Records contained in a dataset:
BEGIN

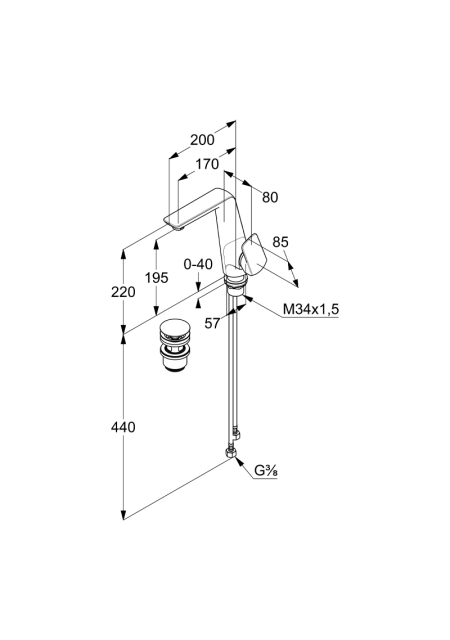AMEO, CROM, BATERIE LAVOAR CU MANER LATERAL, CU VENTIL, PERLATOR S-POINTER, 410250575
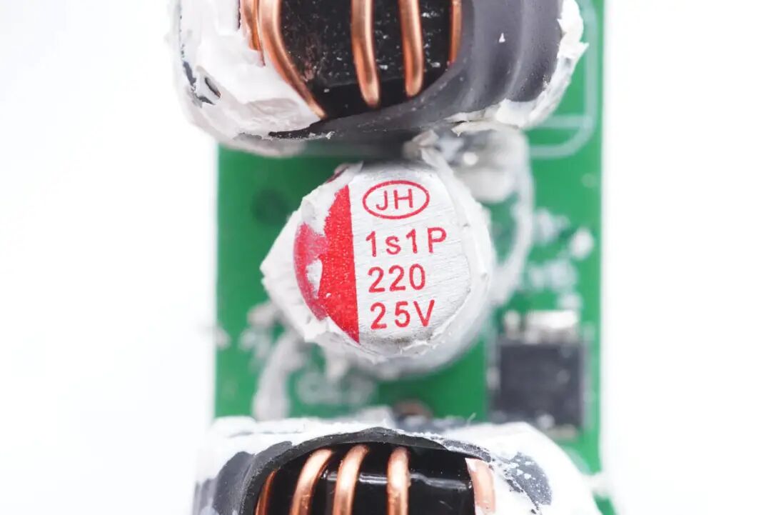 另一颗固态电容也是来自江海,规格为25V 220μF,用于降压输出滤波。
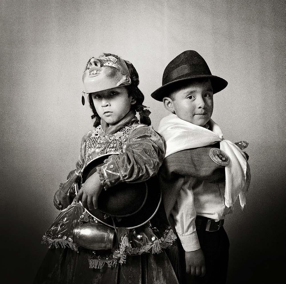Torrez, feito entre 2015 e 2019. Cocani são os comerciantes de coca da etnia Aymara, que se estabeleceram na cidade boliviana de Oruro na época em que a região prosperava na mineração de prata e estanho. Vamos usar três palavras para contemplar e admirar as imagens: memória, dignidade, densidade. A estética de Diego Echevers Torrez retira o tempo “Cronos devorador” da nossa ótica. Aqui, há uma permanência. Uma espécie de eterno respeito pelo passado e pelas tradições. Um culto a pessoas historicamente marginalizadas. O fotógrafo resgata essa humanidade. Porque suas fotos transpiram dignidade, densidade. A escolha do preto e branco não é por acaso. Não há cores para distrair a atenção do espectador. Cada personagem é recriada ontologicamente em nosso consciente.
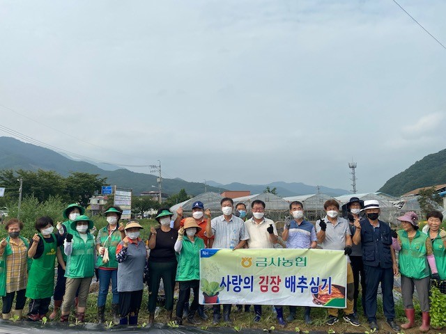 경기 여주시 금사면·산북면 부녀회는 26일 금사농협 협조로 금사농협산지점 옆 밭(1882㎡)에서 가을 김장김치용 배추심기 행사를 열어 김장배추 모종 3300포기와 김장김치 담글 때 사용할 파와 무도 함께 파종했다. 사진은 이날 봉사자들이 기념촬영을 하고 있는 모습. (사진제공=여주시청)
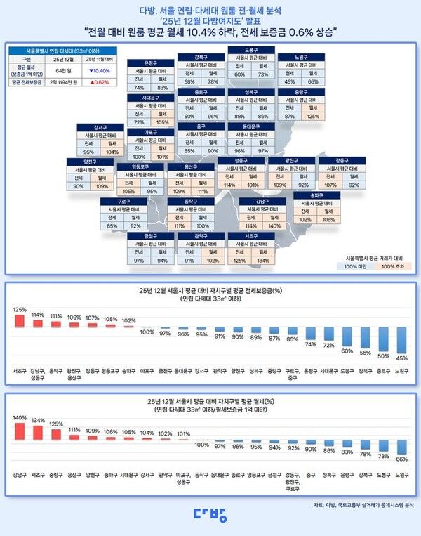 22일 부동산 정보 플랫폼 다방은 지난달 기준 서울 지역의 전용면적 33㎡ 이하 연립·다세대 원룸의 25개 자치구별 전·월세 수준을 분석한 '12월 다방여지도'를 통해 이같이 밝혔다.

END

Exercise prompt :: Your reply should be the lines of the records from the start through the line with "另一颗固态电容也是来自江海,规格为25V 220μF,用于降压输出滤波。", copied word for word, pictures omitted.

Finished exercise ::
AMEO, CROM, BATERIE LAVOAR CU MANER LATERAL, CU VENTIL, PERLATOR S-POINTER, 410250575
 另一颗固态电容也是来自江海,规格为25V 220μF,用于降压输出滤波。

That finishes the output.